TASK PROMPT: Output the data below only from the line containing "Ножны выполнены из" up to and including the line containing "with zip-around flap", exact and with the pictures left out.

INPUT FOR THIS TASK:
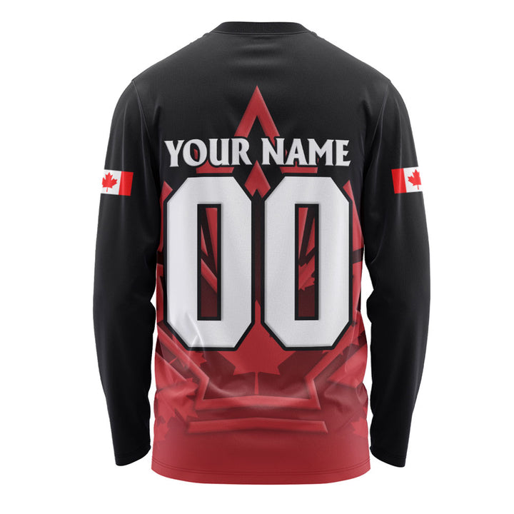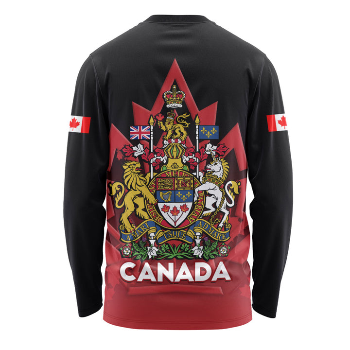 Canada Long Sleeve T-Shirt Royal Red Black National Emblem Of Canada
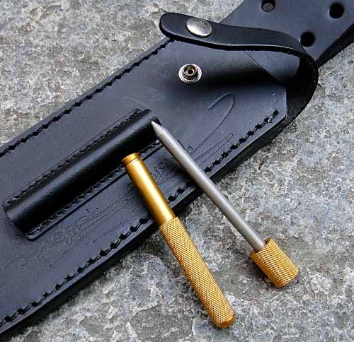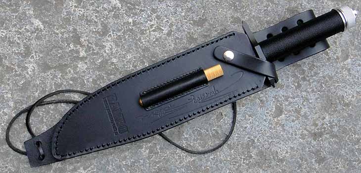 Ножны выполнены из кожи, снабжены ремешком для фиксации рукоятки, петлей для подвески на поясном ремне и шнуром для крепления на бедре. В ножнах размещен алмазный точильный камень.
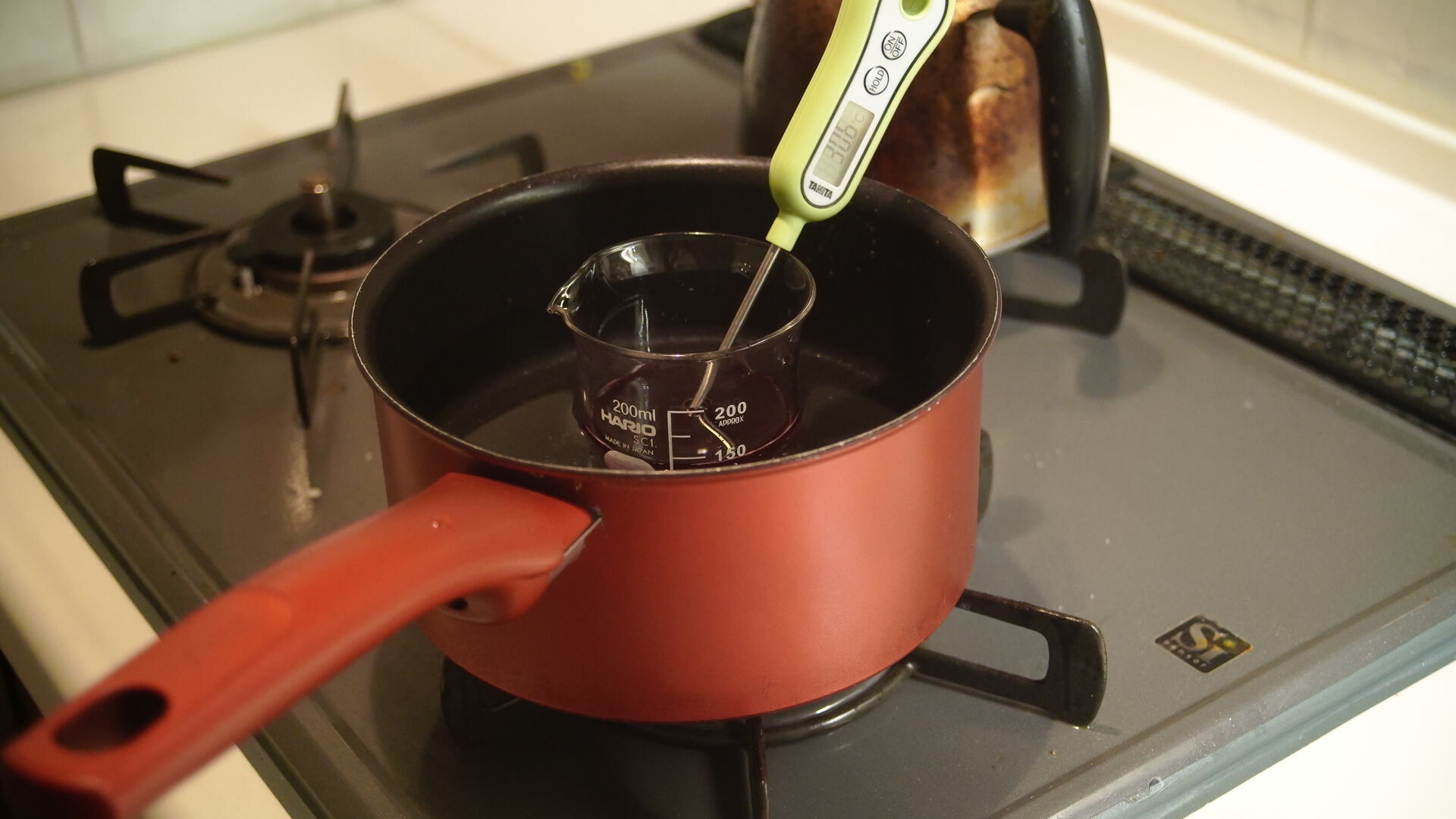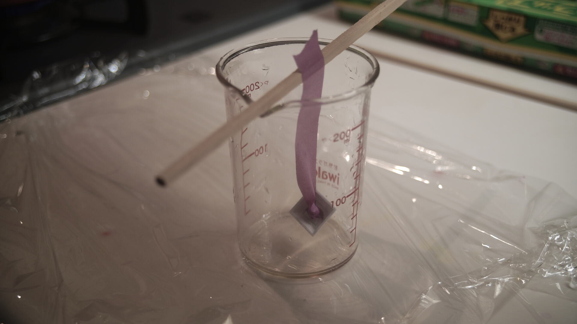 - 染液を目的の温度 +αに加熱し、キーが浮かないようそーっと流し込む(多分これが難しい)
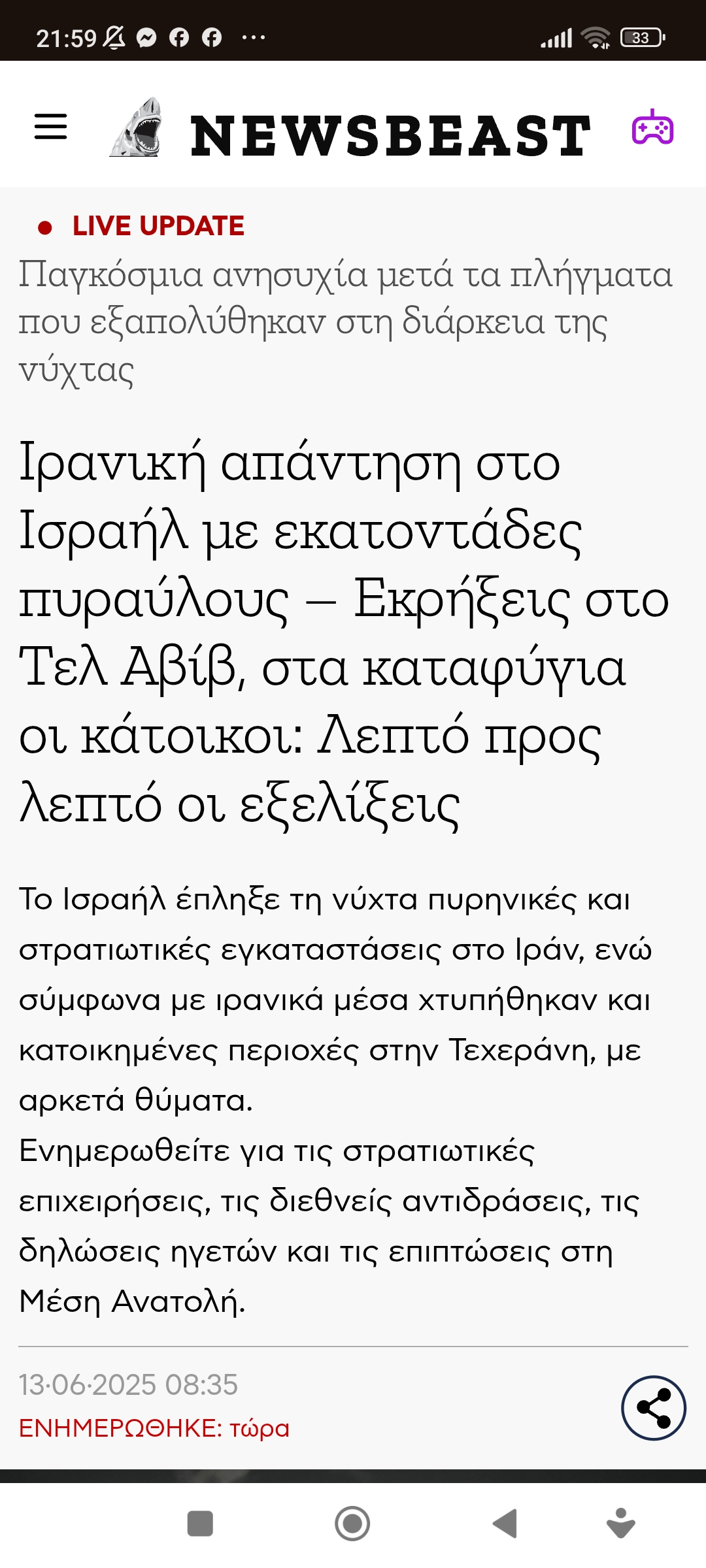 Eυρώπη / ΔιεθνήΗ πυραυλική αντίδραση του Ιράν εναντίον του Ισραήλ Πέτρος Ιωάννου10 μήνες ago10 μήνες ago01 mins 13/6/2025 https://www.newsbeast.gr/world/arthro/12387256/to-israil-epitethike-sto-iran-lepto-pros-lepto-oi-exelixeis Πλοήγηση άρθρων Previous: Ρεκόρ πωλήσεων απ’ την οικογένεια ΣαράντηNext: Σκίτσο του Γιώργου Καπράνου για το arcadiaportal Αφήστε μια απάντηση Ακύρωση απάντησηςΗ ηλ. διεύθυνση σας δεν δημοσιεύεται. Τα υποχρεωτικά πεδία σημειώνονται με *Σχόλιο * Όνομα * Email * Ιστότοπος Αποθήκευσε το όνομά μου, email, και τον ιστότοπο μου σε αυτόν τον πλοηγό για την επόμενη φορά που θα σχολιάσω.
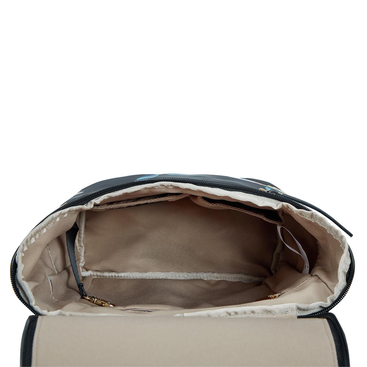 • The spacious main compartment has a wide opening with zip-around flap
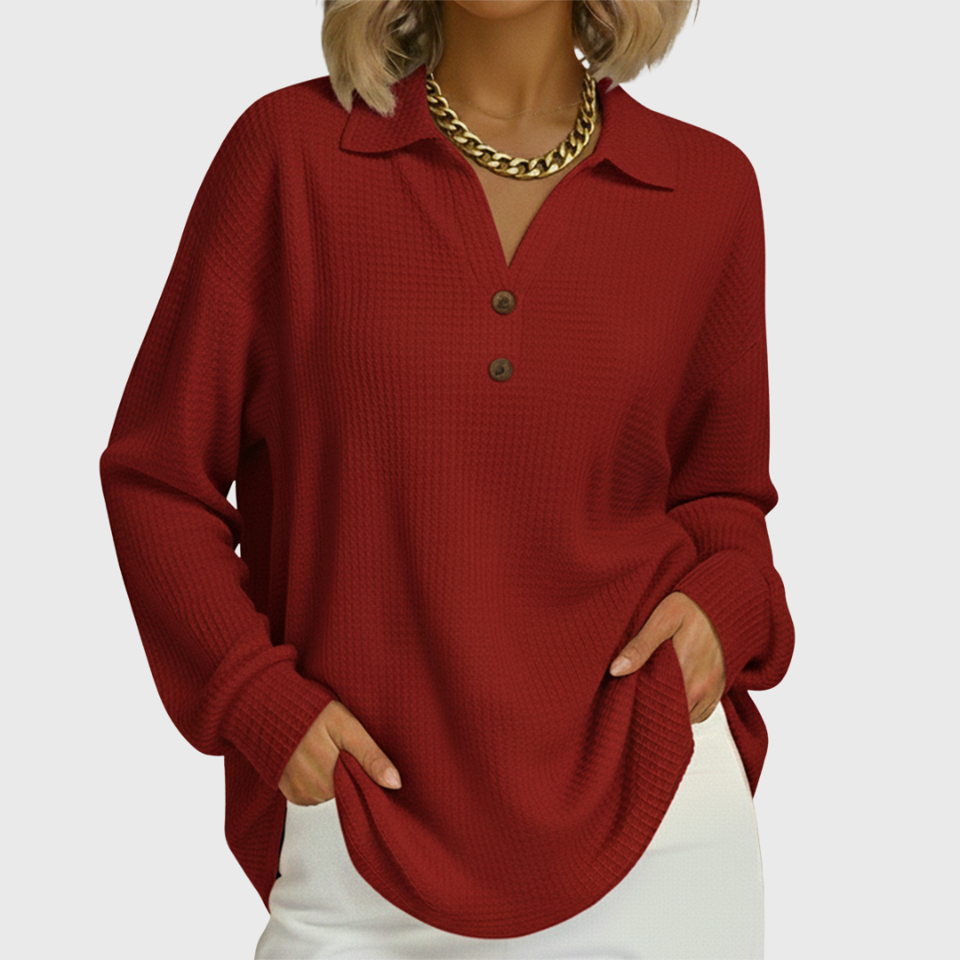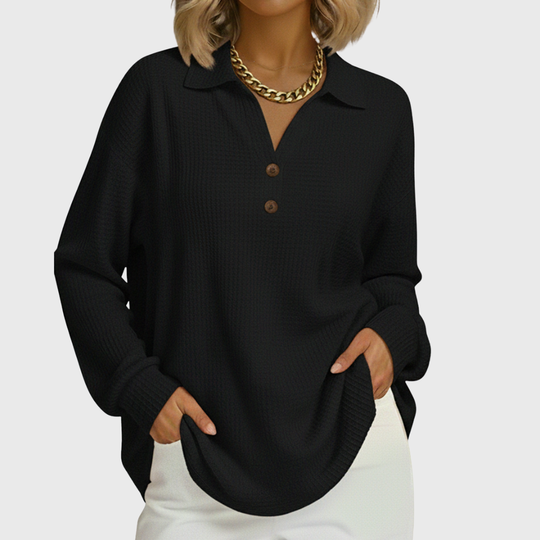 Rămâneți plăcut călduros, chiar și când temperatura scade la 5°C, cu puloverul nostru de lux pentru femei – realizat dintr-un material gros, tricotat dublu, care oferă o senzație extrem de moale și confortabilă. Interiorul este suplimentar călduros și se simte ca un fleece pe piele, astfel încât să vă puteți bucura de un confort suprem în zilele răcoroase.
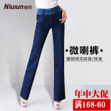 纽伦2017春女款深蓝色牛仔裤新款修身长裤显瘦高腰绣花喇叭裤4572
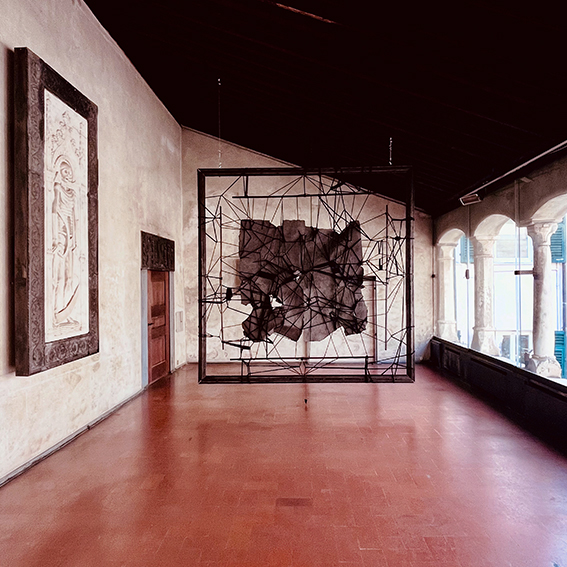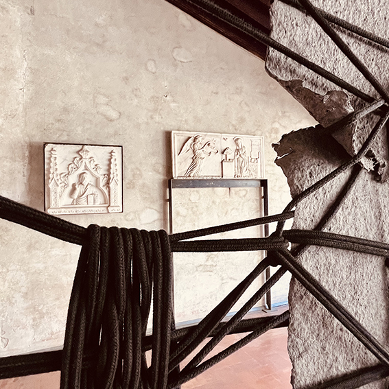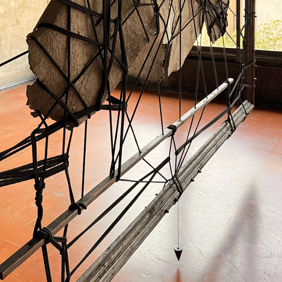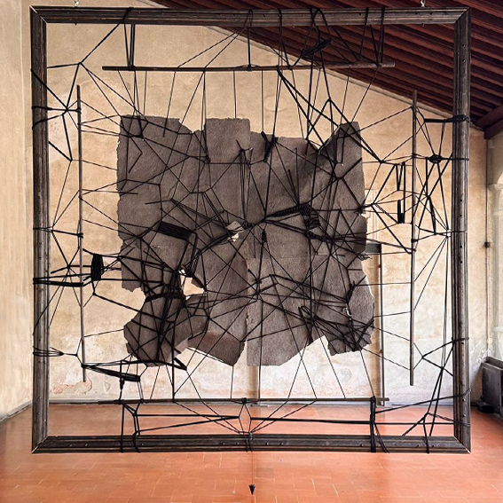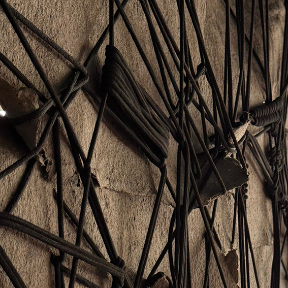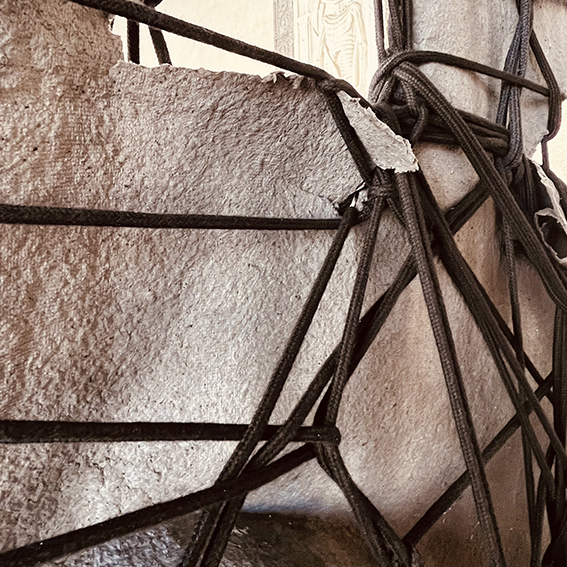 Handmade paper, ash, wood, rope, plumb line

ANSWER SPACE:
 Ножны выполнены из кожи, снабжены ремешком для фиксации рукоятки, петлей для подвески на поясном ремне и шнуром для крепления на бедре. В ножнах размещен алмазный точильный камень.
 - 染液を目的の温度 +αに加熱し、キーが浮かないようそーっと流し込む(多分これが難しい)
 Eυρώπη / ΔιεθνήΗ πυραυλική αντίδραση του Ιράν εναντίον του Ισραήλ Πέτρος Ιωάννου10 μήνες ago10 μήνες ago01 mins 13/6/2025 https://www.newsbeast.gr/world/arthro/12387256/to-israil-epitethike-sto-iran-lepto-pros-lepto-oi-exelixeis Πλοήγηση άρθρων Previous: Ρεκόρ πωλήσεων απ’ την οικογένεια ΣαράντηNext: Σκίτσο του Γιώργου Καπράνου για το arcadiaportal Αφήστε μια απάντηση Ακύρωση απάντησηςΗ ηλ. διεύθυνση σας δεν δημοσιεύεται. Τα υποχρεωτικά πεδία σημειώνονται με *Σχόλιο * Όνομα * Email * Ιστότοπος Αποθήκευσε το όνομά μου, email, και τον ιστότοπο μου σε αυτόν τον πλοηγό για την επόμενη φορά που θα σχολιάσω.
 • The spacious main compartment has a wide opening with zip-around flap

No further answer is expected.